Datatamer / tamr-client

Programmatically interact with Tamr
https://tamr-client.readthedocs.io
Apache License 2.0
11 stars 25 forks source link

Streaming large datasets into memory #281

Closed nargesmsh92 closed 4 years ago

nargesmsh92 commented 5 years ago

🐛Connection broken: IncompleteRead while fetching data

Right now, streaming a large dataset into memory can either cause

  1. Connection broken: IncompleteRead Error: This error is caused by httplib.IncompletedRead which is an underlying package of request. This error happens when server wrongly close session and httplib raise ChunkedEncodingError and bury the received bytes.
  2. OOM Error: This error is not really related to the python-client package rather caused by user's code for converting the tamr-client's generator object to a data frame. This can happen by dumping all the received data into memory as a list of JSON. For instance, in code below, the tamr-clientrecord_generator object is converted to a list of JSON and then the list of JSON is used to create a data frame but this resulted a OOM issue (picture below).
    record_generator = unify.datasets.by_resource_id(datasetid).records()
    print('Start Converting Generator Object to string')
    records_as_strings = [{key:"|".join(val) if ((isinstance(val, list)) & (val is not None)) else val for key, val in record.items()} for record in record_generator]
    print('Start Converting to dataFrame')
    df = pd.DataFrame(records_as_strings)
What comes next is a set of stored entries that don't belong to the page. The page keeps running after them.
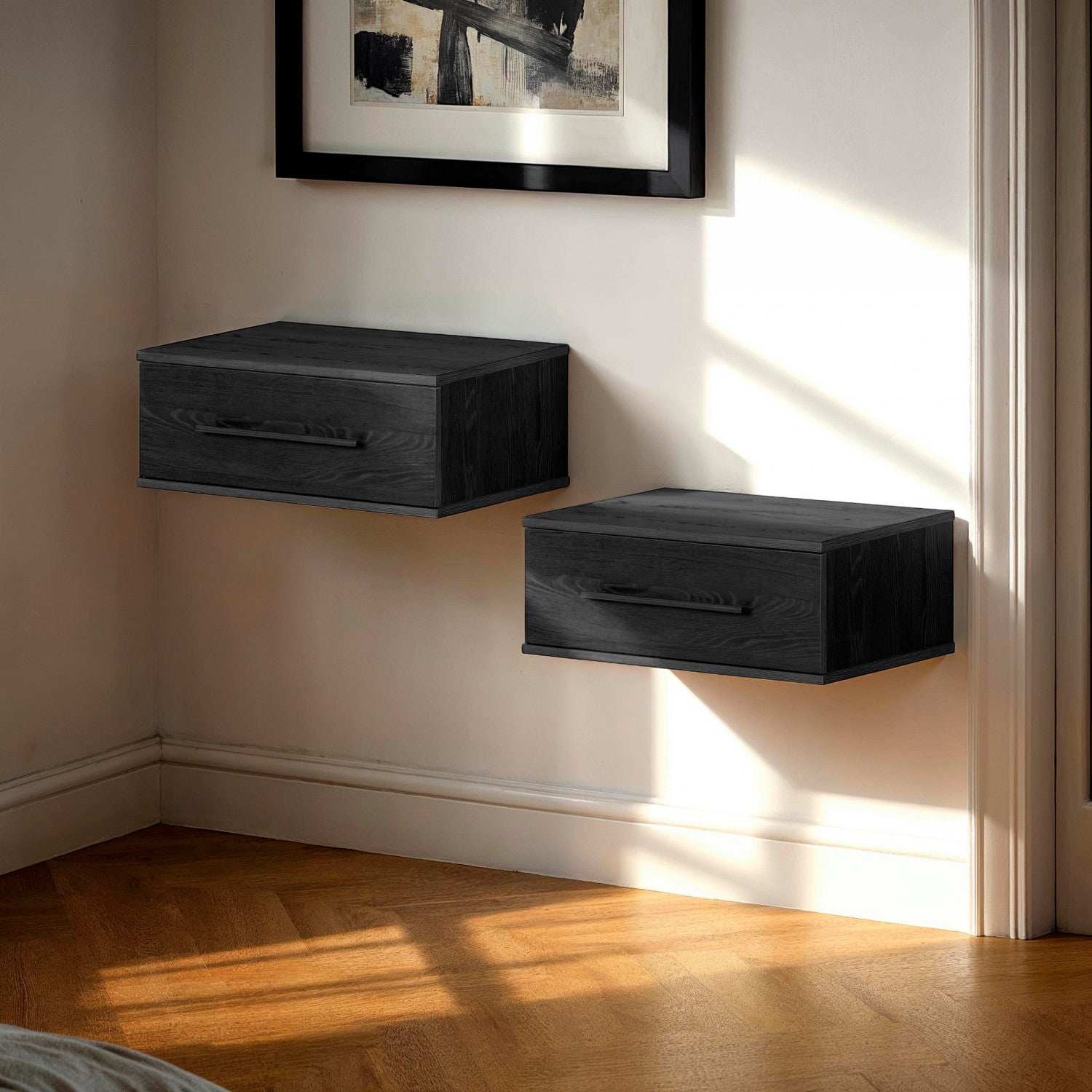 Set of 2 nightstands for the bedroom. Opt for an all-in-one storage solution in your bedroom with this set of 2 wall-mounted bedside tables. Each features a spacious drawer, perfect for all your bedtime essentials. The drawer supports a maximum weight of 25 lb and features an elegant straight metal handle. This sophisticated touch makes for a contemporary decor that's both simple and modern. Wall-mounted floating bedside tables. Each floating bedside table comes with its own wall-mounting kit. Install them on either side of your bed at the height that best suits your needs. The advantage of this type of auxiliary storage is that it frees up floor space, for better circulation and easier cleaning! A wow effect guaranteed!
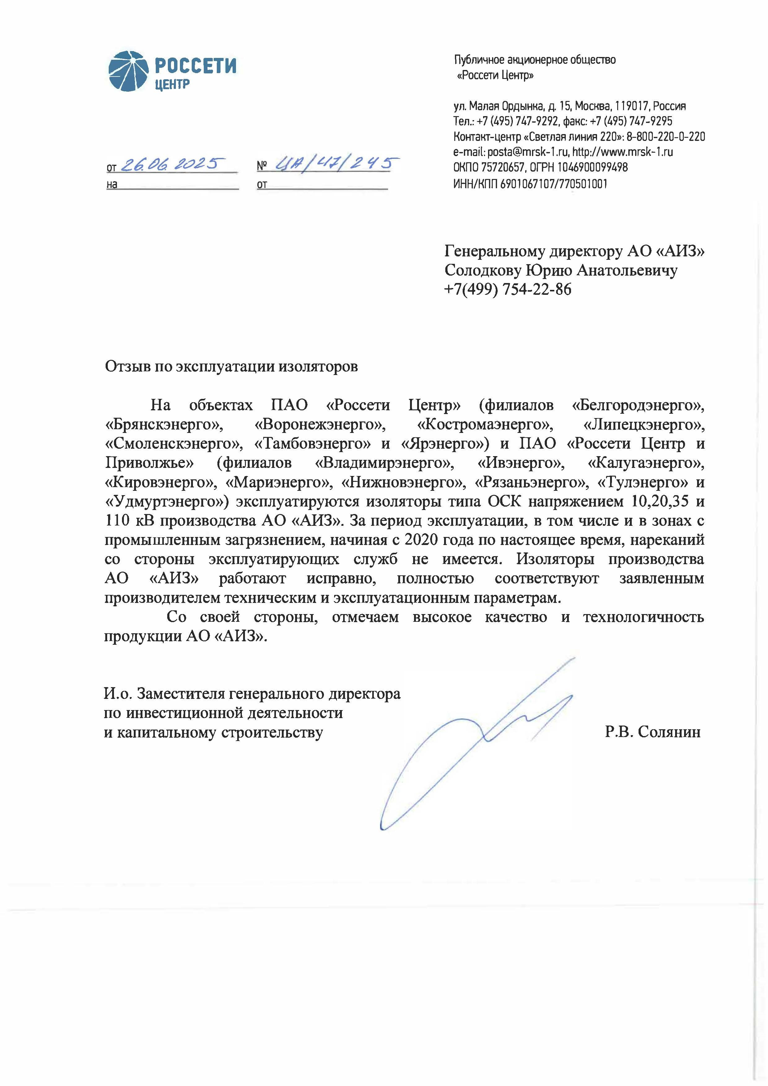 За период эксплуатации, в том числе и в зонах с промышленным загрязнением, начиная с 2020 года по настоящее время, нареканий со стороны эксплуатирующих служб не имеется. Изоляторы производства АО «АИЗ» работают исправно, полностью соответствуют заявленным производителем техническим и эксплуатационным параметрам. Со своей стороны, отмечаем высокое качество и технологичность продукции АО «АИЗ».
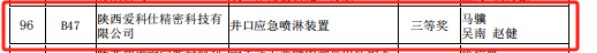 日前,陜西省科協(xié)公布2024年陜西省創(chuàng)新方法大賽評(píng)審結(jié)果,陜西愛科仕精密科技有限公司的“井口應(yīng)急噴淋裝置”項(xiàng)目在此次大賽中榮獲三等獎(jiǎng)。
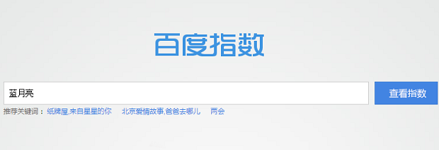 在浏览器中输入「www.index.baidu.com」-> 在搜索框中输入你想查看的关键字,比如:蓝月亮 ->点击「查看指数」即可。

    image I was able to work around this issue by changing my code as follows:

    df = pd.DataFrame()
    for record in record_generator:
        records_as_strings = [{key:"|".join(val) if ((isinstance(val, list)) & (val is not None)) else val for key, val in record.items()}]
        df = df.append(records_as_strings)

But then the first error happened.

🤔 Expected Behavior/Possible Solution

  1. Maybe using try/except in record function to keep trying to connect to the Unify.
  2. Fetching data as a batch using iter_content(chunk_size).

🌍 Your Environment

Software Version(s)
tamr-unify-client 0.3.0
Tamr Unify server v2019.015
Python 3.6.8
Operating System
nbateshaus commented 4 years ago

something like more_itertools.flatten(more_itertools.chunked(dataset.records(), CHUNK_SIZE)) should pre-fetch batches of CHUNK_SIZE, causing less code thrashing. I've found CHUNK_SIZE of 1,000 to 10,000 to be useful.
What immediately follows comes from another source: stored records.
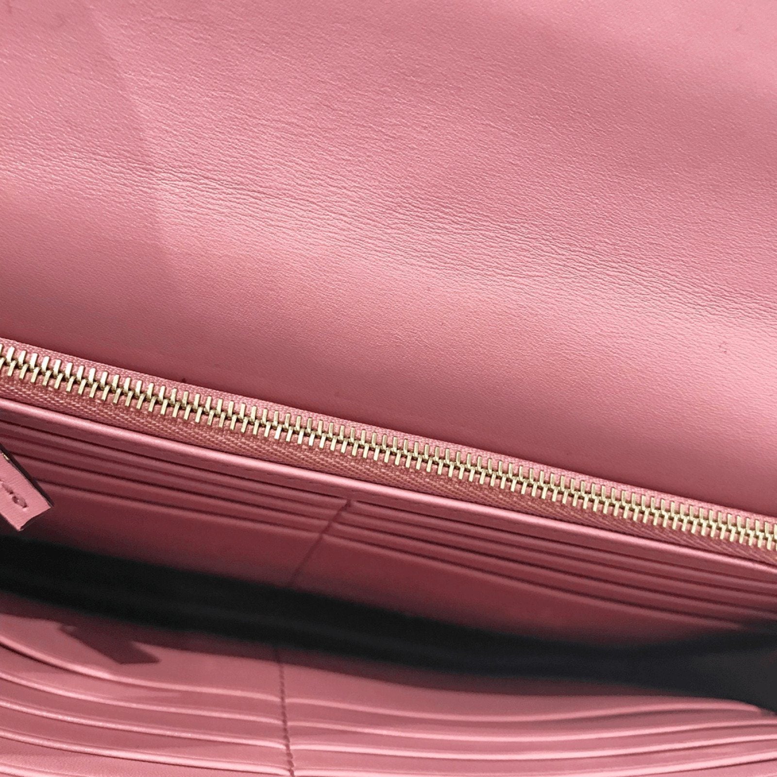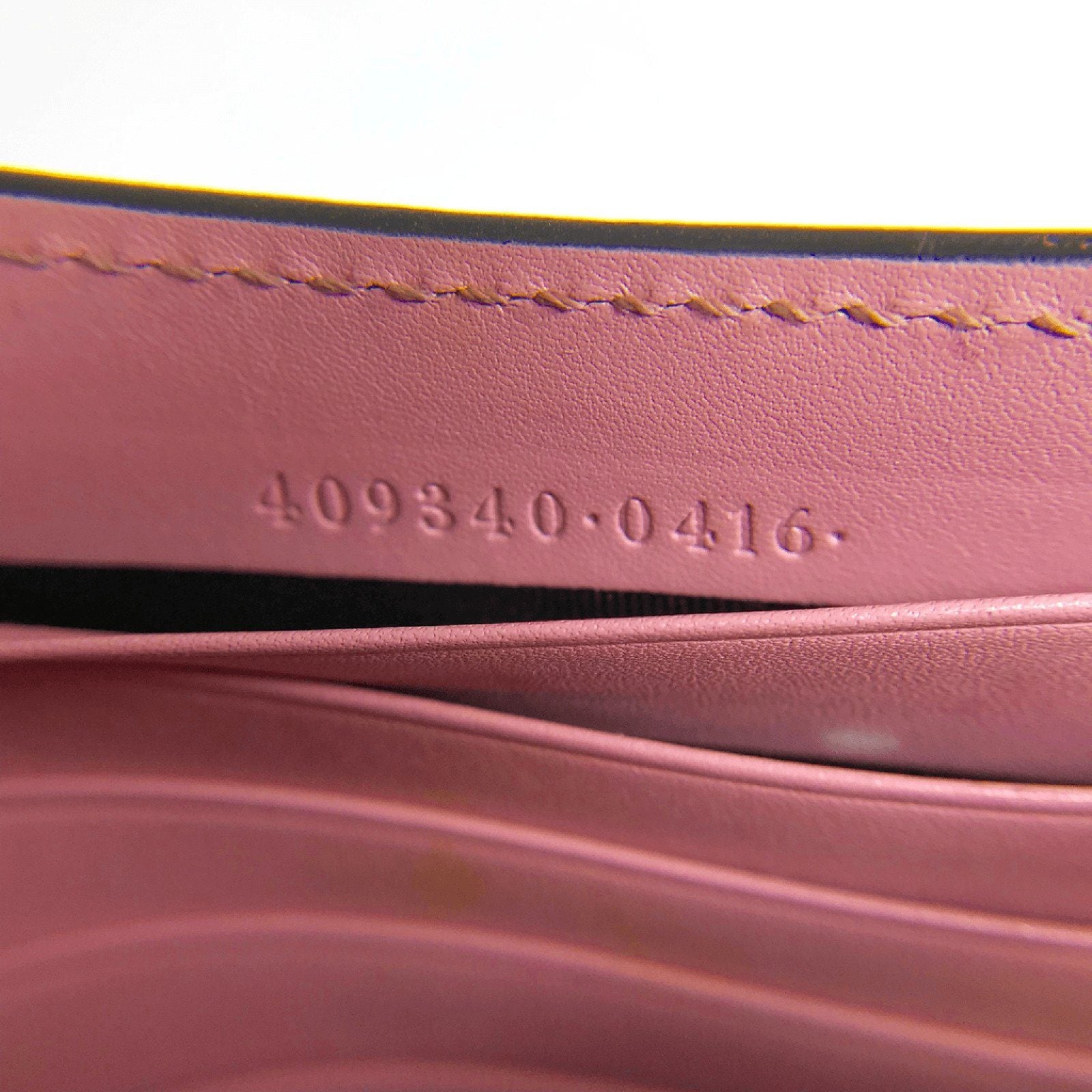 Gucci Icon Signature Chain Wallet; Color: Pink; Measurements: 4.5” x 7.5”; Serial #: 409340.0416; Comes with Original Gucci Dustbag
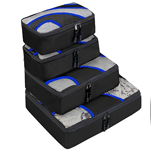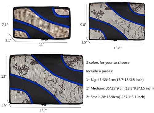 Product Description Butmoon Luggage Packing Travel Organizers?4 Set Packing Cubes Dimensions: -- 1 * Large ( 17.7" x 13" x 3") -- 1 * Medium (13.75" x 9.8" x 2.8") -- 2 * Small (11" x 7" x 3") Please allow the chromatic aberration and dimension error packing for a trip is fitting everything you want to bring with you into your luggage. Different size packing cubes can separate your different things to save your clothes from stains, wrinkles and damages. They will make your luggage looks neat and compact and easy to find everything you put.
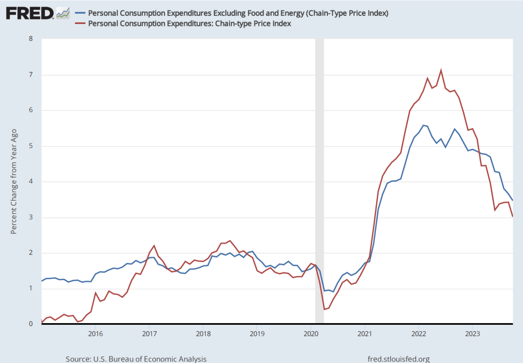 PCE inflation declined from 3.4 percent in September to 3.0 percent in October. Core PCE inlation declined from 3.8 percent in September to 3.5 percent in September. Although inflation has been declining from its peak in mid-2022, both of these measures of inflation remain above the Fed’s 2 percent target.
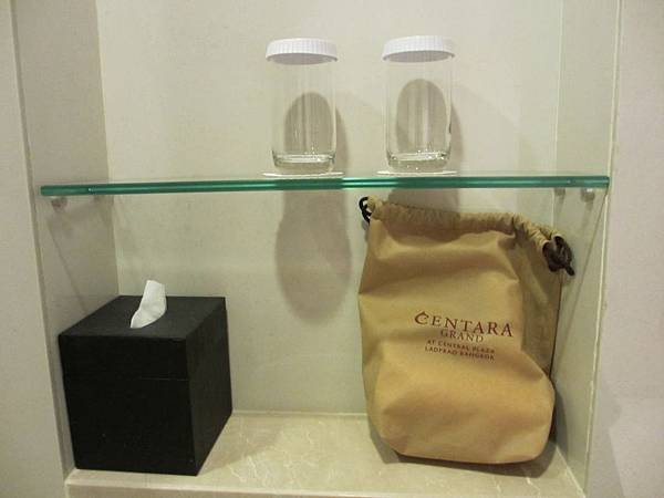 一旁架子上就是兩個杯子、一盒面紙

nbateshaus commented 4 years ago

FWIW, I just ran into a connection timeout using the above code snippet, so it's not the be-all / end-all.

pcattori commented 4 years ago

Is this an issue you would also encounter simply loading the dataset from a local CSV file into a pandas.DataFrame? Or does that work, but the client is adding unreasonable memory overhead that causes this.

From what I've read the issue seems to be inherent to storing all that data in a DataFrame in memory. If so, is the DataFrame just a means to an end (e.g. to then save the DF as a CSV)?

@nargesmsh92 @nbateshaus

pcattori commented 4 years ago

@nbateshaus do you know if the timeout you were seeing is client-side or server-side?

nbateshaus commented 4 years ago

It's a server timeout. The main one that I run into is when streaming (HTTP CHUNKED), there's something like a 1-minute timeout between chunks. Once the client has read a chunk, if the client doesn't read the next chunk from the server within a minute, the server closes the connection. There are also timeouts for the initial read and a timeout for reading the entire stream.

pcattori commented 4 years ago

378 added docs for loading datasets into dataframes that should cover most use-cases. If used correctly, these techniques should avoid client-side failures due to memory usage.

Keeping issue open as we don't have any methods (client-side, server-side, nor hybrid) for avoiding the timeouts described by @nbateshaus ^.

pcattori commented 4 years ago

Closing this since there has been inactivity and we now have docs that seem to address this.

Feel free to reopen if there are more improvements you'd like to request.